One of the most complex issues in creating a strong automated storage tiering and data archiving system has little to do with technology and everything to do with meeting business needs. That issue is designing a data/document management strategy that protects valuable corporate data, maintains it at the storage tier that best meets business needs, meets compliance requirements including privacy, security, and longevity, and specifies when it should be destroyed.
This is a complex problem that must be driven by business, legal, records management, and security needs rather than technology. For instance, financial industry compliance requires preservation of large amounts of data for several years in a guaranteed unaltered state. This may require writing that data to write-once media for long-term archiving. And while these long-term archives may be off-line the data cannot be lost. That means that it has to be in a format that can still be read years later and its physical location known. Large financial companies have suffered major losses in court when they have been unable to produce the required data in court.

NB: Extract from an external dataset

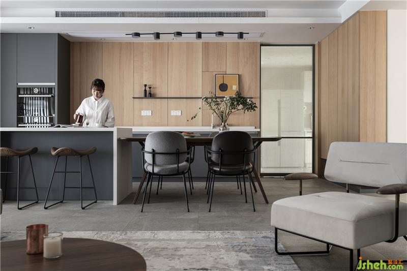 烘焙區(qū)與餐桌相連,烘焙的同時(shí)滿足友人小聚,靜謐的灰色與原木色搭配,體現(xiàn)高級(jí)感的同時(shí)融入溫暖居家氣息。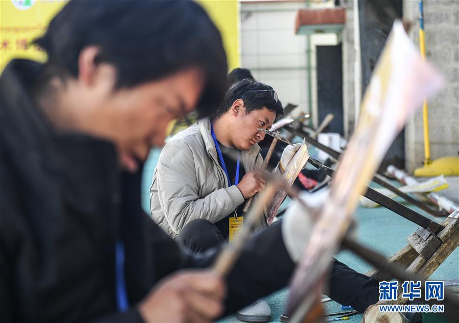 10月23日,在第二届西藏造像艺术博览会技艺大赛现场,造像师在打制西藏传统造像。 当日,第二届西藏造像艺术博览会技艺大赛在西藏自治区群艺馆开幕,来自西藏各地的造像师根据现场随机抽出的造像题目,现场进行造像技艺展示,其中的佼佼者将会获得西藏自治区文化厅颁发的西藏自治区一、二、三级造像师证书。西藏目前有两千多名造像从业者,主要分布在拉萨、日喀则和昌都等地。 新华社记者 晋美多吉 摄

In healthcare, HIPAA and similar regulations include strict security and privacy requirements for all personally identifiable information, including special training for all individuals with access to this data. That includes dev and test staff if they work with regulated data.
Even in companies that are not specifically regulated, the loss of customer information damages the company reputation and brand and can cost it business. Addressing this exposure requires involvement of legal, records management, and security experts, either internal or external.

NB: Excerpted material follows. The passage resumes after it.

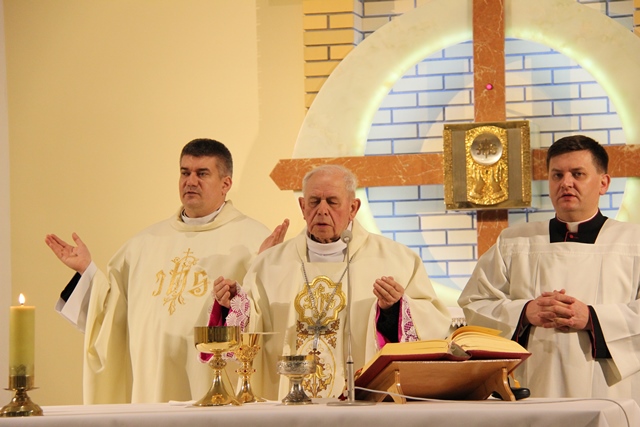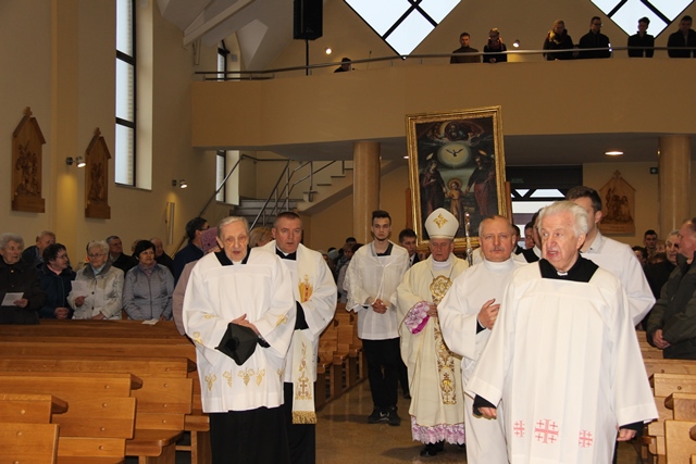 W homilii bp Stanisław Napierała przypomniał, że kopia obrazu św. Józefa Kaliskiego pobłogosławiona przez Jana Pawła II w Rzymie przemierzyła całą diecezję kaliską na początku jej istnienia. – Wszędzie św. Józef był przyjmowany po królewsku i zobaczyliśmy, że w każdej części diecezji ludzie kochają św. Józefa. Witali Go z miłością i wielką wiarą. I tak św. Józef rozpoczął scalanie naszej diecezji. Minęło już ponad 20 lat. W tym czasie powstały nowe parafie, a wśród nich Wasza parafia Matki Bożej Różańcowej, do której dzisiaj przybył św. Józef – powiedział celebrans.

This is obviously a complex issue in which IT must take the role of implementer rather than designer. It must call in the experts. And implementation will require its own set of experts – data security and a vendor implementation team if the data is to be kept in house, the service provider(s) if part or all of the system is to be outsourced to the cloud or traditional service providers.
Action Item: Business, legal, records management, security and other experts must be involved early in the process of designing solutions for data management, including DR and archiving. IT cannot make those decisions on its own, and if the expertise is not available in-house, then it should look outside for help. IT should be the implementer, not the designer.